Thursday, January 7, 2010

Dreaming of Paradise

After finally making it back to Beijing from Hainan, it was interesting to read in the news that the central government has decided to make an all-out push to develop Hainan Province as a world-class destination by 2020.

In a proposal by the State Council on Monday, Hainan will be developed into a venue to host international sports and entertainment events, and perhaps even have lottery and gaming industries. No other area in China allows gambling except for Macau.

"If entertainment elements are not introduced in Hainan, something will be missing in an international tourism destination," Wang Yongsheng of the Regional Tourism Development of the Regional Science Association of China was quoted as saying. He added that while gambling is forbidden in South Korea, overseas passport holders can gamble at Walrk Hill in Seoul.

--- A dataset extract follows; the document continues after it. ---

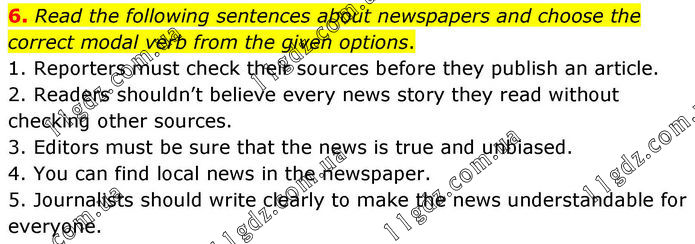 6. Read the following sentences about newspapers and choose the correct modal verb from the given options. 1. Reporters must check their sources before they publish an article. 2. Readers shouldn’t believe every news story they read without checking other sources. 3. Editors must be sure that the news is true and unbiased. 4. You can find local news in the newspaper. 5. Journalists should write clearly to make the news understandable for everyone.

The government will also extend visa-free policies to Finland, Denmark, Norway, Ukraine and Kazakhtstan from the already 21 countries including the United States, Canada and Japan. In 2007 there were 18 million domestic visitors to Hainan, but only 750,000 from overseas. There will also be more duty-free shopping on the island.

"It'll be much more convenient to purchase luxury goods in Hainan than Hong Kong, as the return flight tickets and the price of local hotels are cheaper, and tourists don't need to apply for an exit permit in advance or choose international flights," said Liao Wei, general manager of the China Travel Service Group in Chongqing.

While all these proposals are fantastic, they are all so idealistic that it seems like the government doesn't really know what is going on in the island province right now.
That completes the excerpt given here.